Odasına girdiğimdeyse battaniyeyi kafasına kadar
çekmiş, hafif hafif sallanan battaniyeden titrediği belli olan bir ablamı beklemiyordum.

Hemen ablamın yanına gidip yorganı yüzünden çekip "abla noldu sana. Hastalandın mı?" dediğimde gözlerini yavaş yavaş kırpıştırıp açmak için çabaladı. Sonunda gözlerini açtığında hemen konuşmak için ağzımı açacaktım ki ablam lafı ağzıma tıkayıp konuşmaya başladı. "Ablam korkma birşeyim yok.
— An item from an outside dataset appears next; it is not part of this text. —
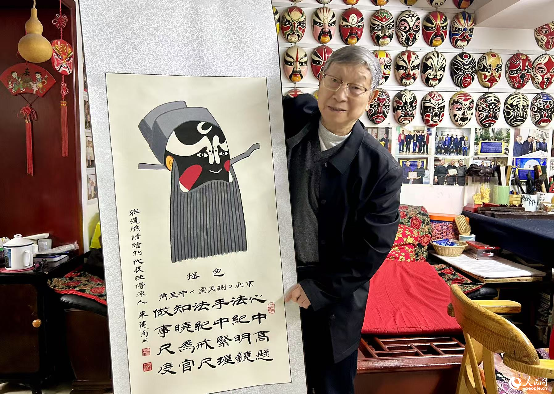 朱建南與他的《包拯臉譜係列作品》(其一)。人民網 劉汕攝

Sadece biraz halsizim o kadar hadi sen şimdi gidip kahvaltını yapıyorsun. Ondan sonra doğru işe." dediğinde başımı hızlıca iki yana sallayıp "hayır bugün bende işe gitmiycem. Senin yanında kalayım." dedim. Ablam da sert sesiyle "hayır sen işine gidiyorsun. Lafımı ikiletme." dediğinde bende el mecbur kabul edip "tamam abla." dedim ve hemen "ama sana çorba yapıcam. Sende iç tamam mı" dediğimde hemen kabul edip "tamam ablacım. Hadi git." dediğinde bende hemen odadan çıkıp mutfağa girip ağzıma bir kaç lokma atıp hemen çorba yapmaya başlamıştım. Ardından buzdolabının üst tarafından tavuk göğsünü alıp suyuyla et suyu çorbasını yapmaya başladım.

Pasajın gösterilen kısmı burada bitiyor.